The U.S. economy is strengthening, but its long-term sustainability is questionable, Federal Reserve Bank of Atlanta President Dennis Lockhart said Thursday in a speech on Monetary Policy and the Credit Channel.
Speaking at the annual Banking Outlook Conference in Atlanta, Lockhart said that although there are signs of a strengthening economy in recent data as well as anecdotal evidence, the 32-month-old recovery "is still getting its legs."
Looking forward, Lockhart said his assessment of the "challenges facing the unemployment gap" require "sustained, extraordinary support for what is, like it or not, a gradual process."
"The economy is generating jobs, and unemployment has come down. Still, there remain significant levels of unused and underutilized resources in the economy, especially human resources. The economy remains far from its optimal condition," said Lockhart.
"I think there's no doubt that the performance of the economy is incredibly disappointing," said Dr. Lawrence Christiano, Alfred W. Chase Professor of Economics at Northwestern University, responding to a report of the speech.
In light of continued high unemployment, Lockhart advocated for a continuation of the Fed's low interest rate policy with the goal of closing "the employment gap."
Moreover, low funding costs combined with high bank reserves have not created broad growth in loans, and due to supply and demand factors, "the interest rate sensitivity of the U.S. economy has been dampened," he said.
Constriction of the monetary transmission mechanism is caused by the fact that low interest rates do not currently seem to be increasing credit growth and that demand for bankable loans is not being matched despite sufficient liquidity, Lockhart asserted.
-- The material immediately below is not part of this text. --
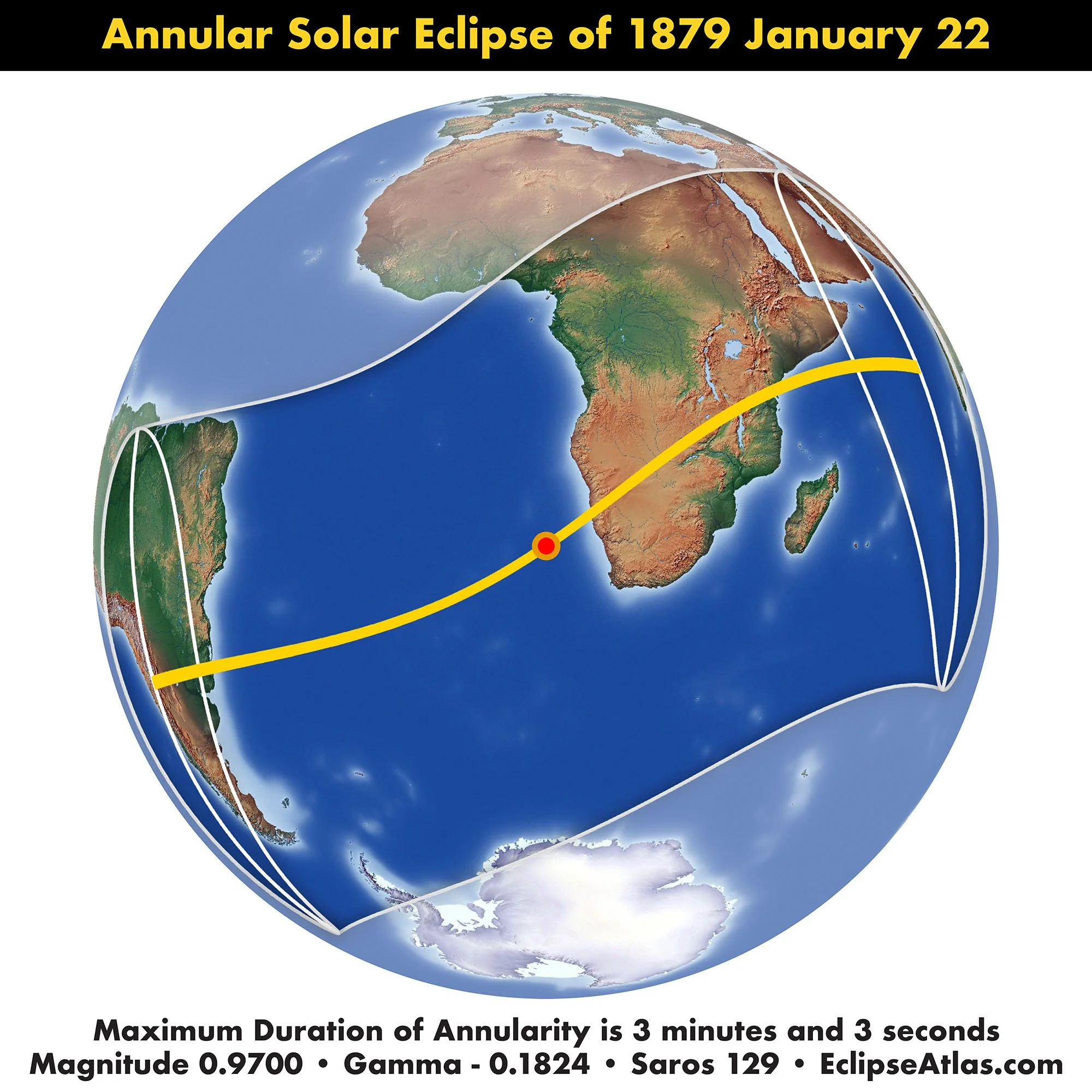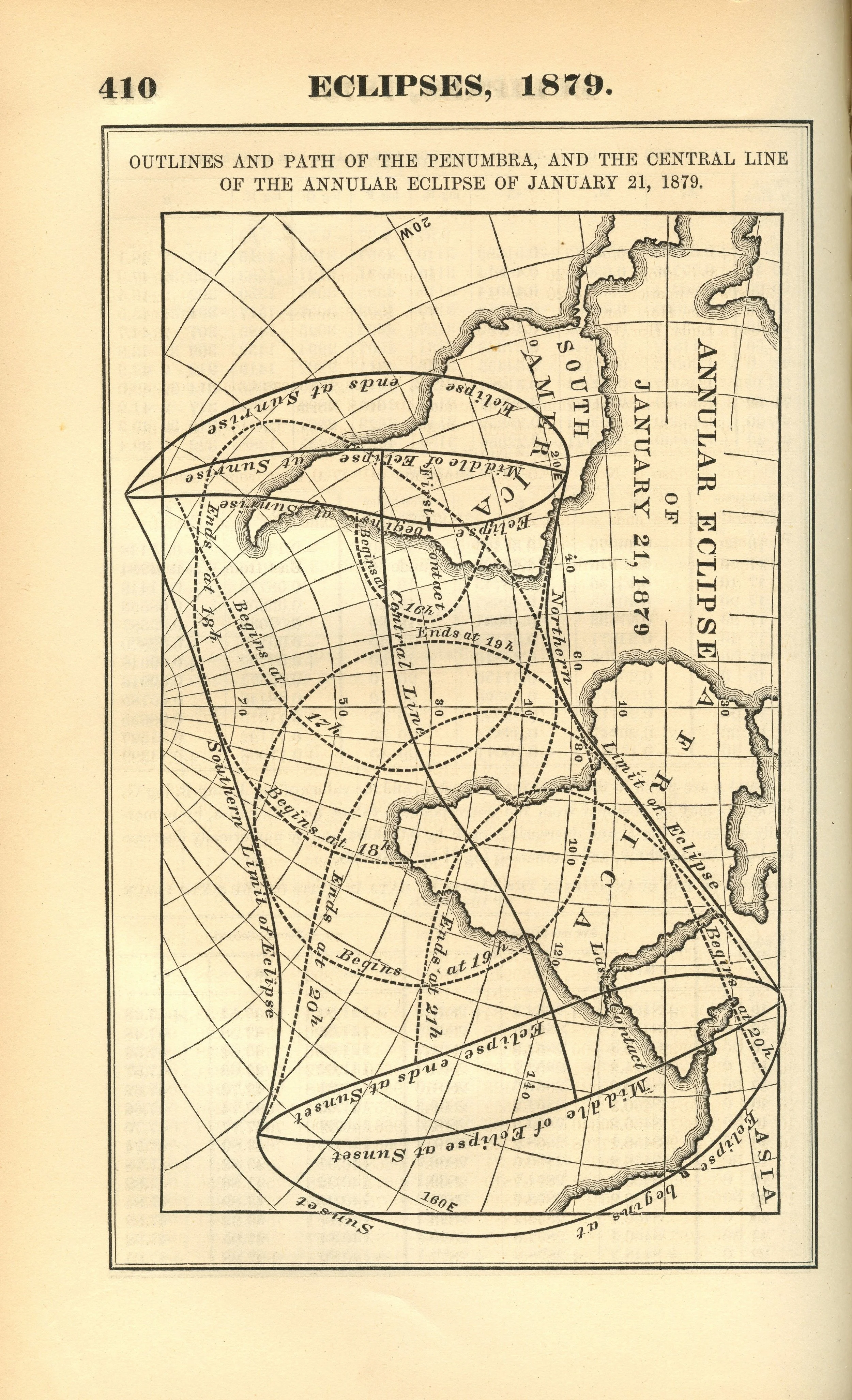 American Ephemeris and Nautical Almanac Outlines and Path of the Penumbra, and the Central Line of the Annular Eclipse of January 21, 1879. Scanned at Federal Repository Library, UC Berkeley

The ultimate result of this is that "demand for goods and services remains subdued and the added employment that growing final demand ought to generate is slow to materialize."
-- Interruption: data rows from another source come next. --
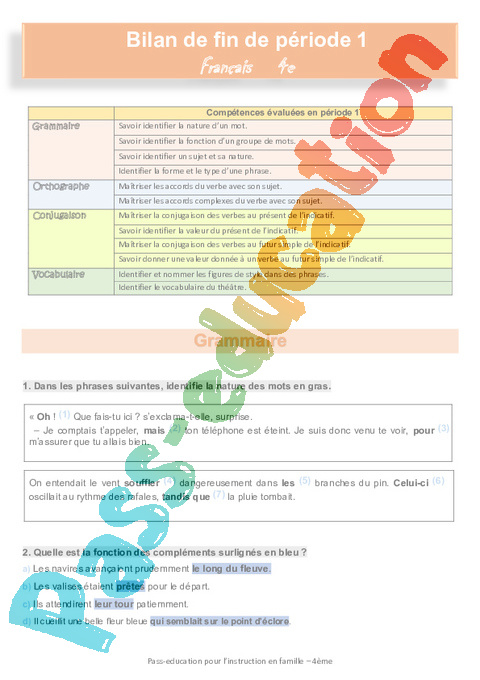 Bilan ief Période 1 français : 2eme Secondaire pdf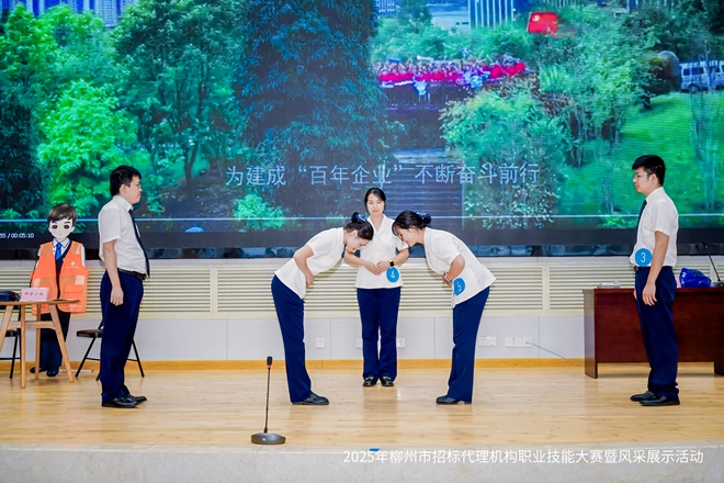 比賽中,云之龍柳州分公司參賽團(tuán)隊圍繞評審流程模擬、突發(fā)事件應(yīng)對、電子招標(biāo)操作等關(guān)鍵環(huán)節(jié),展現(xiàn)出扎實的專業(yè)功底和良好的臨場應(yīng)變能力。在風(fēng)采展示環(huán)節(jié),團(tuán)隊創(chuàng)新演繹企業(yè)歌曲《奮斗者之歌》手語舞,以整齊的動作和飽滿的精神面貌,生動詮釋了云之龍人的專業(yè)形象與企業(yè)文化,贏得了評委和觀眾的廣泛好評。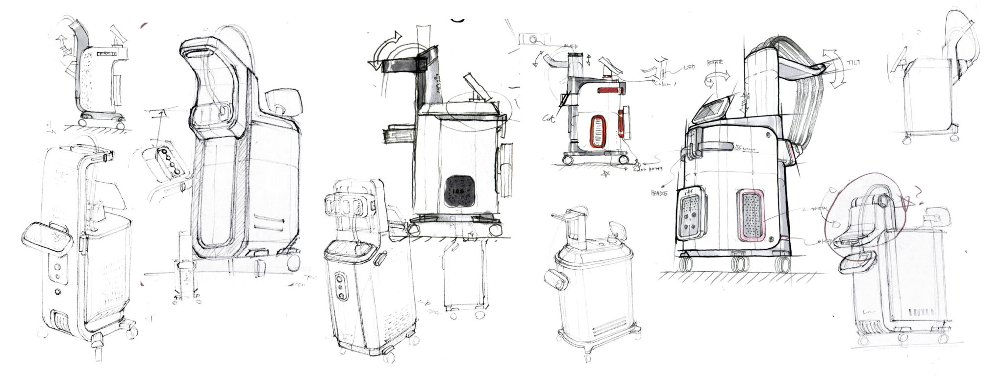 The multi-cable holder at the top is the core of the Organized Cable Architecture concept, designed to keep multiple cables neatly aligned without tangling, thereby maximizing usability and safety. The smooth curves of the descending cables create a visual unity with the device’s form and establish a structural beauty that emphasizes technical detail. The color palette uses a Calming Clinical Tone to minimize tension in the medical environment while highlighting professionalism and a hygienic image.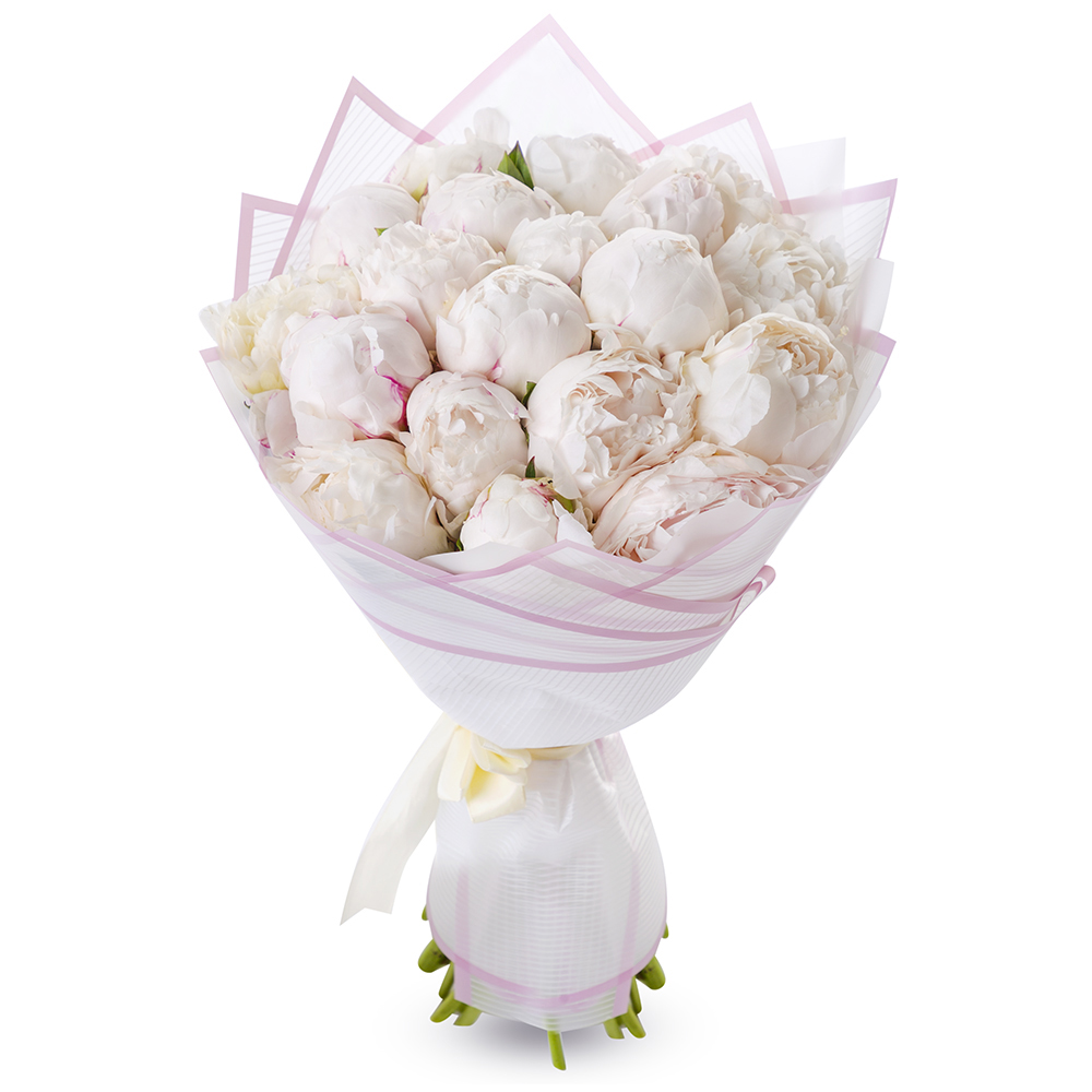 19 белых пионов

However, there is debate about the Fed's policy, including a line of thought that a push to increase demand would ultimately "compromise the Fed's price stability mandate" -- i.e., its mission to contain inflation -- rather than "improve the prospects for lower unemployment," Lockhart said.
The Federal Reserve has a dual mandate under the Federal Reserve Act to maximize employment while maintaining stable prices. "Inflation is low and unemployment is high, and their legal mandate only points one direction," said Christiano, arguing that the Fed was right to focus on unemployment by keeping interest rates low.
"The number of people not working just dropped and stuck there [as opposed to the rate of unemployment]," Christiano continued. "It's incorrect to view inflation as a problem right now."
Lockhart remains cautious about expanding the Fed's balance sheet due to what he described as a "constriction of the transmission mechanism of monetary policy through credit channels."
Lockhart further expressed skepticism that an expansion of the Fed's balance sheet would provide enough benefits to outweigh "longer-term potential costs, including the risk to the Fed's medium-term inflation outlook."
In the end Lockhart's speech was not earth-shattering, as he returned to the fundamental requirements of the Fed's dual mandate. "As a policymaker, I weigh these divergent views and the policy stances they suggest by asking what policy balance will promote the most robust sustainable growth and the healthiest overall employment markets in the context of price stability."